Посыльный опять поднимался по лестнице, с трудом волоча последние четыре ведра, и девушки перевесились через перила, чтобы посмотреть на него. Три года спустя, сидя в тюрьме, он рассказывал и об этом, но ему снова никто не поверил.
— Господи, сколько цветов! Теперь он точно захочет сделать это.
Катерина опять засмеялась и сказала:
— Я позволю ему сделать все, что он пожелает.
Посыльный услышал ее слова и, хотя вслух не прокомментировал их, про себя подумал многое.
Он поставил на пол ведра, с удовольствием закурил сигарету и хрипловато сказал:
— Ведра, эта, можете оставить себе, барышня, за них тоже заплачено, вот так-то.
И подумал: «Да, красотка, ему-то ты готова позволить все, а вот мне не дала бы. Ничего не дала бы мне, б…»

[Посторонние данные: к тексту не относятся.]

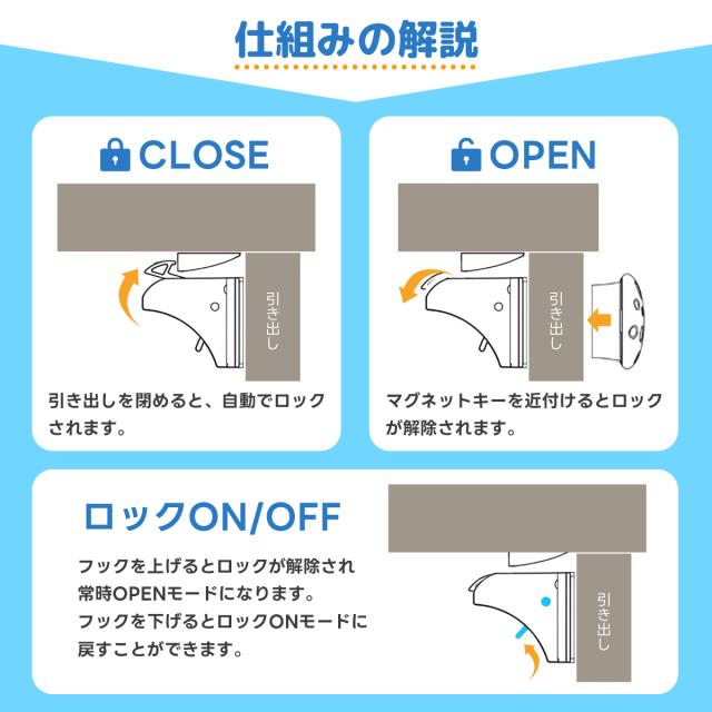 チャイルドロック マグネット 4個セット 引き出し ドア 棚 扉 引き戸

Посыльный постоял еще несколько секунд, понял, что девчонкам и в голову не придет дать ему чаевые, презрительно сплюнул застрявший на языке кусок табака, пару раз затянулся сигаретой и, расставив ноги пошире, зашагал вниз по лестнице. Вслед за ним заструился сердитый голубой дымок, поднялся к потолку и растаял, оставив после себя лишь слабый, обиженный запах. А вечером жена, что жила с ним дольше двадцати лет, приготовила ему бифштекс с кровью, а потом приняла ванну, вытерлась большим махровым полотенцем и присыпала свое тело душистой шелковистой пудрой. Взяв с туалетного столика прямоугольный граненый флакон духов, что он подарил на Рождество, она надушила все секретные места и пришла к нему в постель и долго и умело любила его. Но об этом он ничего не рассказал сокамерникам три года спустя, та ночь не осталась в его памяти. В глазах его с тех пор стояла лишь Катерина.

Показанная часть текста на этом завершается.